Singaporean politician

Chin Tet Yung (born 2 August 1951) is a Singaporean former Member of Parliament for Sembawang Group Representation Constituency (GRC), and also served previously as the chairman of the Government Parliamentary Committee for Home Affairs and Law from 2002 to 2005. He had been a Member of Parliament from 23 December 1996 to 20 April 2006.

He announced his retirement from politics on 10 April 2006.

== Early life and education ==
Chin was born on 2 August 1951 in Sabah, Malaysia. His father was a businessman and his mother, a school teacher.

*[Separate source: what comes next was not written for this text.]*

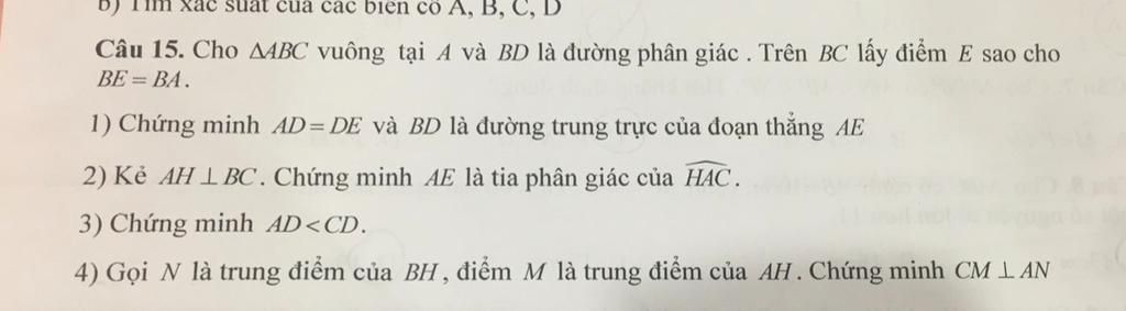 Câu 15. Cho ABC vuông tại A và BD là đường phân giác . Trên BC lấy điểm E sao cho

Chin studied at London School of Economics (LSE) and graduated with a law degree in 1973. He also studied postgraduate in law from University of Oxford and also has a postgraduate diploma in economics from LSE.

==Academic career==
Chin started teaching law as a lecturer at the law faculty of the National University of Singapore (NUS) in 1975. He served as the dean of the law faculty between 1992 and 2001. He still teaches law at NUS as an emeritus professor.

== Political career ==
Chin joined the PAP and stood for elections in 1997 and 2001, both in Sembawang GRC and won on both occasions.

== Personal life ==
Chin came to Singapore in 1975 and became a Singapore citizen in 1987.

Chin married a legal officer working with the Singapore government. They have a son and a daughter.